This weekly newsletter, focused on environmental issues, highlights relevant analysis done by the John Locke Foundation and other think tanks, as well as items in the news.

1. Looking back at the predictions of environmentalists

In our last newsletter and in a recent blog post I highlighted an article from 2000 that cited a noted climate scientist from the famed Climate Research Unit at England’s East Anglia University predicting that snowy winters were essentially a thing of the past. Foxnews.com has decided to expand on this theme featuring an article titled "Eight Botched Environmental Forecasts," which, in addition to the 2000 prediction, looks at seven other predictions from prominent scientists/eco-alarmists that have fallen completely flat. Here are my two favorites from the list.

From Princeton Professor Franz Oppenheimer writing in 1990:

[By] 1995, the greenhouse effect would be desolating the heartlands of North America and Eurasia with horrific drought, causing crop failures and food riots. … [By 1996] The Platte River of Nebraska would be dry, while a continent-wide black blizzard of prairie topsoil will stop traffic on interstates, strip paint from houses and shut down computers.

And from eco-guru Paul Ehrlich writing in 1971:

By the year 2000 the United Kingdom will be simply a small group of impoverished islands, inhabited by some 70 million hungry people. … If I were a gambler, I would take even money that England will not exist in the year 2000.
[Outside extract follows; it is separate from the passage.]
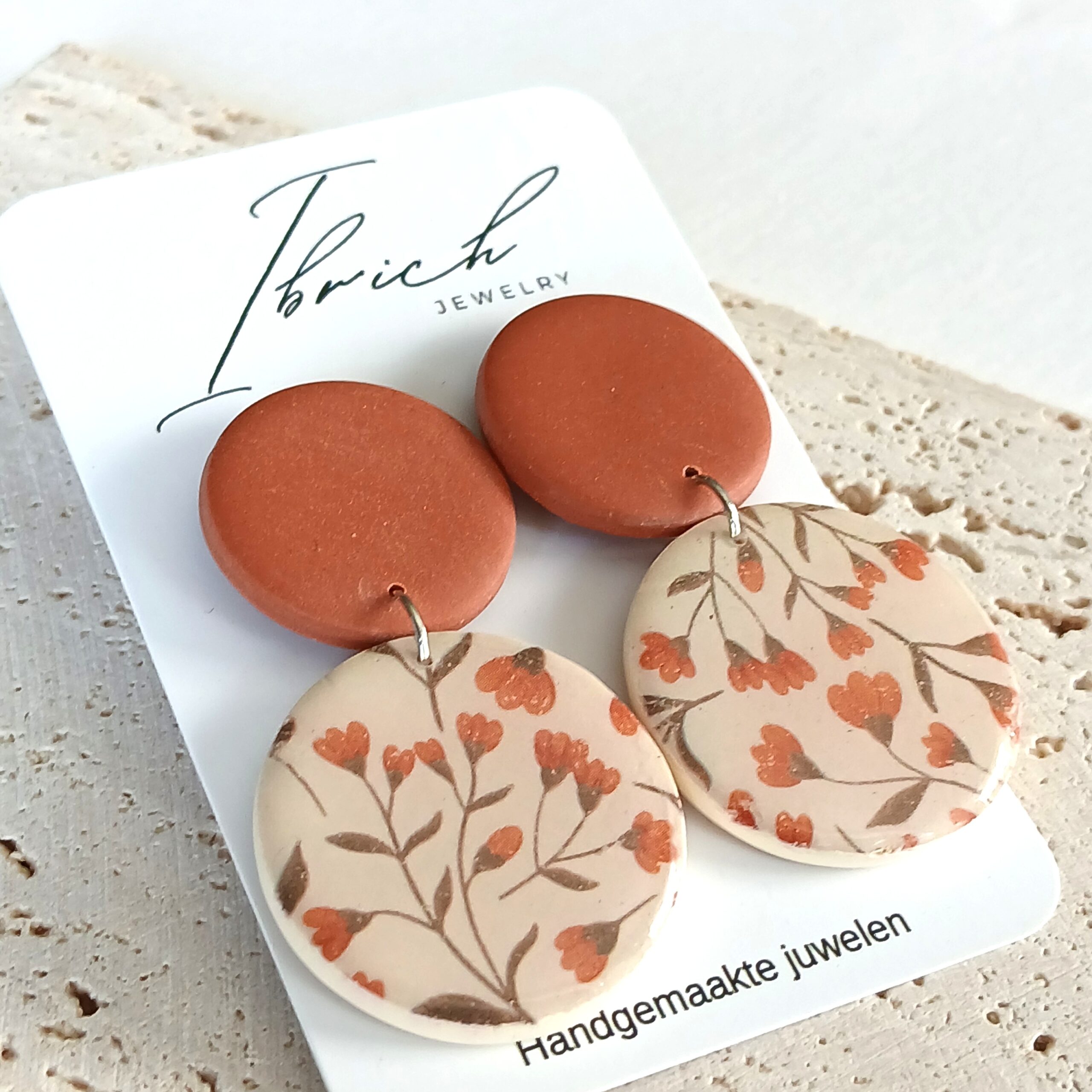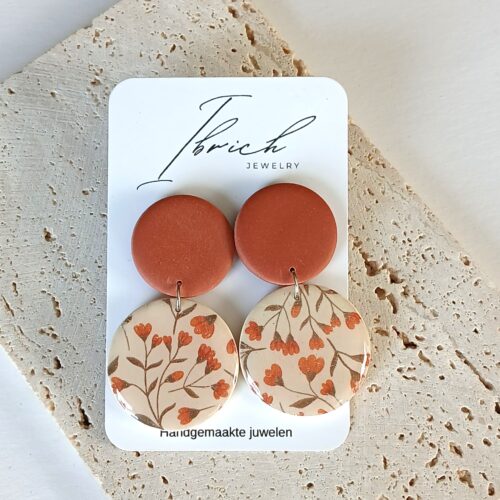 De oorbellen zijn handgemaakt in polymeerklei dus licht en aangenaam om dragen.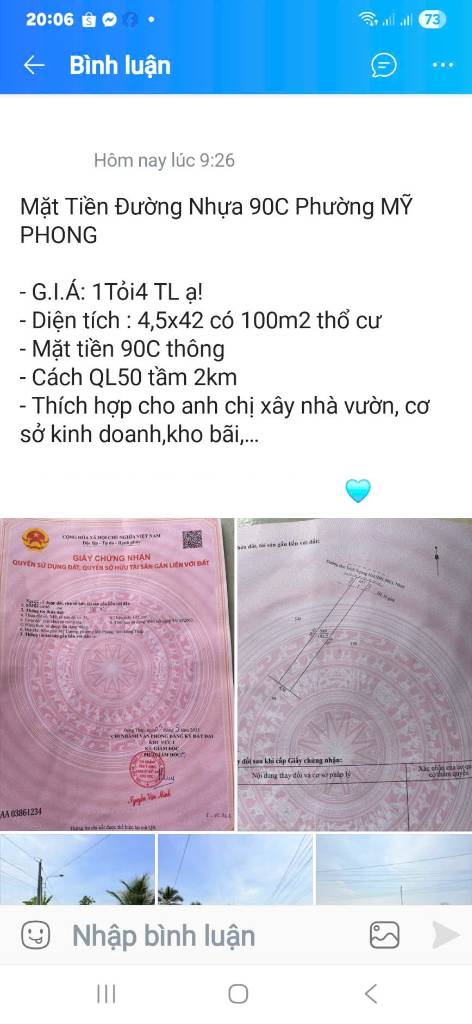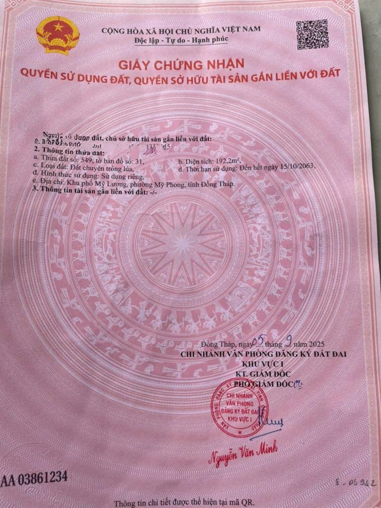 Lô đất MẶT TIỀN Đường Huyện 90C Phường MỸ PHONG. MỸ THO CŨ

What is particularly disturbing is that Oppenheimer and Ehrlich still have credibility with most of the mainstream media, environmental groups, and many policymakers.

 

2. Texas continues its fight against EPA’s CO2 rules

The state of Texas has won what is at least a temporary victory in its fight against the EPA’s decision to force states to implement CO2 emission requirements in the face of Congress’ refusal to do so. Texas has decided not to go forward with what the EPA is calling the "tailoring rule," which sets emission standards for carbon dioxide that are in clear conflict with the emission standards specifically spelled out in the federal Clean Air Act. In response, the EPA has decided to take over Texas’ emissions permitting process. Texas is now challenging this decision in court and has won a temporary stay of the EPA’s decision. The story is reported on Bloomberg.com.

The John Locke Foundation is advocating that North Carolina join Texas in its resistance to this EPA power grab. My colleague Daren Bakst has written on the subject here.

3. Commentary: Obama as OPEC oil cartel enforcer

The per-barrel price of oil is over $90 and headed north. And as is being reported in The Wall Street Journal, the global oil cartel known as the Organization of Petroleum Exporting Countries (OPEC) has something to do with that.

OPEC has not increased its output quotas since January 2009. The key to any successful cartel is control of supply, and the key to controlling supply is keeping competition out of the market. In this regard OPEC has it made.

President Obama has, either intentionally or unintentionally, become OPEC’s cartel enforcement agent. By banning nearly all new oil exploration in the United States, both on and off shore, from Alaska to the Gulf, the Obama Administration is sheltering OPEC from competition and allowing it to restrict supply and raise prices.

Coincidentally, or maybe not, this policy dovetails almost perfectly with the President’s radical environmentalist agenda. He gets the effect of a CO2 tax, namely higher gasoline prices, while not having to take the heat for directly raising taxes. In turn, this translates into an implicit subsidy for electric and hybrid vehicles and fuels like ethanol. In the meantime, the president will get to point his finger at the greedy, money-grubbing oil companies.

All in all, it’s a win-win-win situation — OPEC wins, Obama wins, and the environmental pressure groups win. Heck, it looks like the only losers are the economy and American consumers.